• _TASK ITEM_
The output must be exactly the lines from the "可输送强烈腐蚀性且液体与颗粒混合的液体:316不锈钢材质。" line through the end of the listing below, with no picture included.

• _SOURCE MATERIAL_
◆ ◆ ◆ ◆ ◆ ◆ ◆
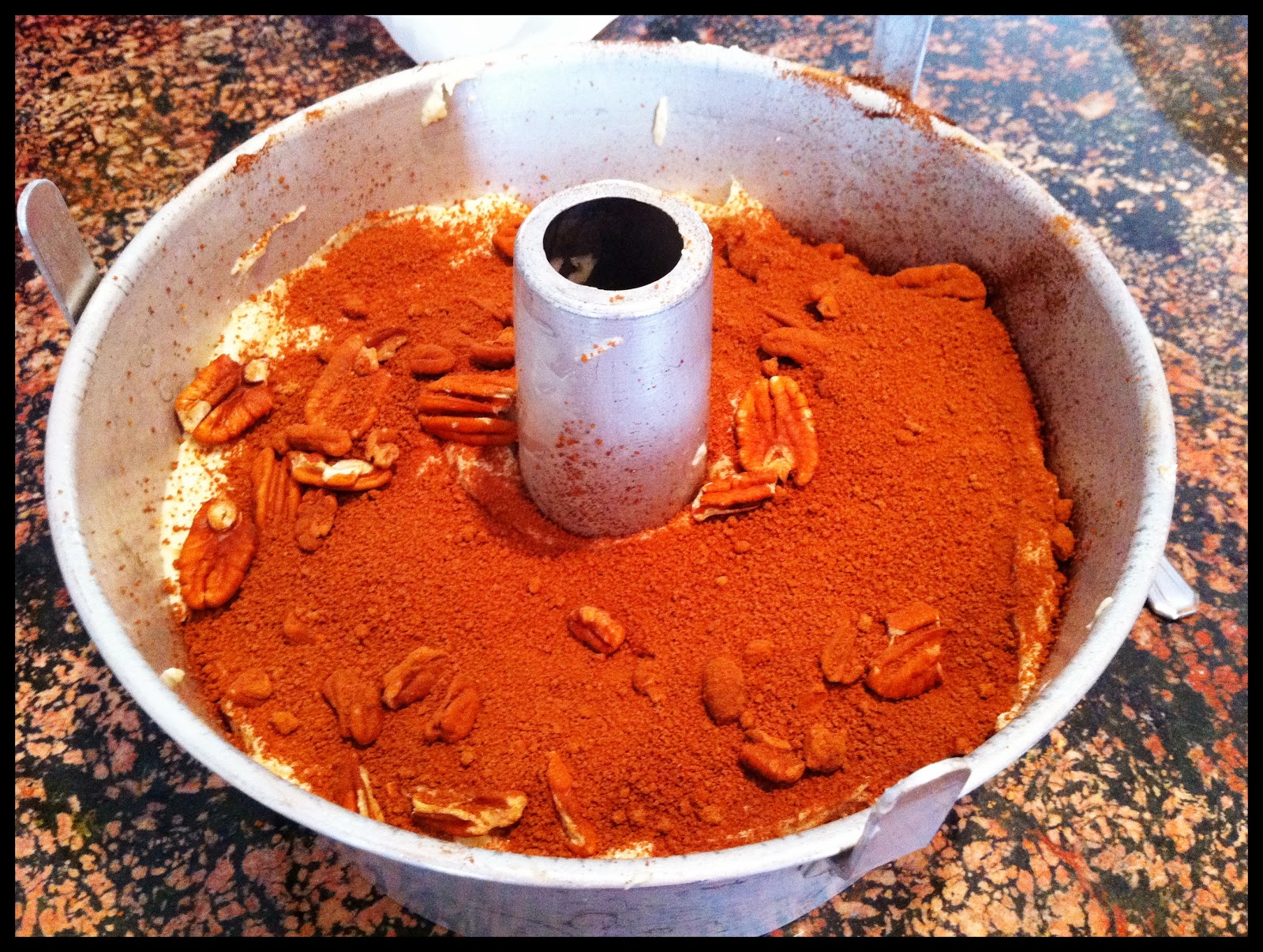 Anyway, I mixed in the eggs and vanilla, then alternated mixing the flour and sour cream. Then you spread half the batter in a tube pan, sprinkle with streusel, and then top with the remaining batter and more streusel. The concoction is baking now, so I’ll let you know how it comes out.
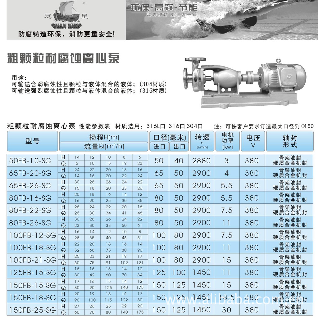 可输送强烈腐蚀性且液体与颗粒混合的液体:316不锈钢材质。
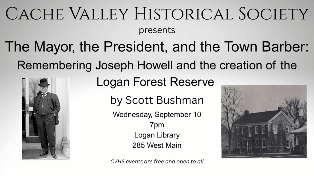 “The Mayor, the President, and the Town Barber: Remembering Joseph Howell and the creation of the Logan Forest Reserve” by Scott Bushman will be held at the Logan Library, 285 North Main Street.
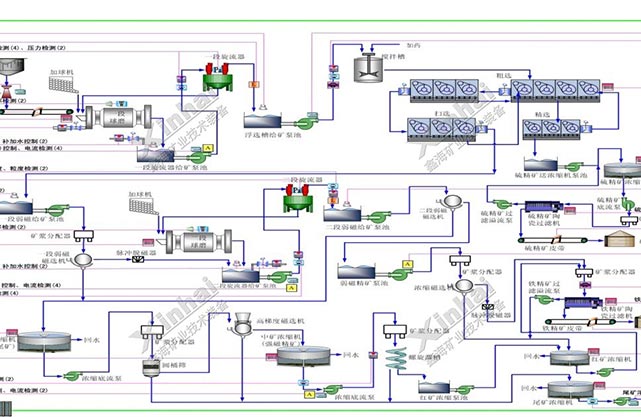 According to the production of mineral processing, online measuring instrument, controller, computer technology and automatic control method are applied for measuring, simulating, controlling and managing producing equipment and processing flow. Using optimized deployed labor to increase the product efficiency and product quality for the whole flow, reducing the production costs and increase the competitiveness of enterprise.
◆ ◆ ◆ ◆ ◆ ◆ ◆
• _TASK RESULT_
 可输送强烈腐蚀性且液体与颗粒混合的液体:316不锈钢材质。
 “The Mayor, the President, and the Town Barber: Remembering Joseph Howell and the creation of the Logan Forest Reserve” by Scott Bushman will be held at the Logan Library, 285 North Main Street.
 According to the production of mineral processing, online measuring instrument, controller, computer technology and automatic control method are applied for measuring, simulating, controlling and managing producing equipment and processing flow. Using optimized deployed labor to increase the product efficiency and product quality for the whole flow, reducing the production costs and increase the competitiveness of enterprise.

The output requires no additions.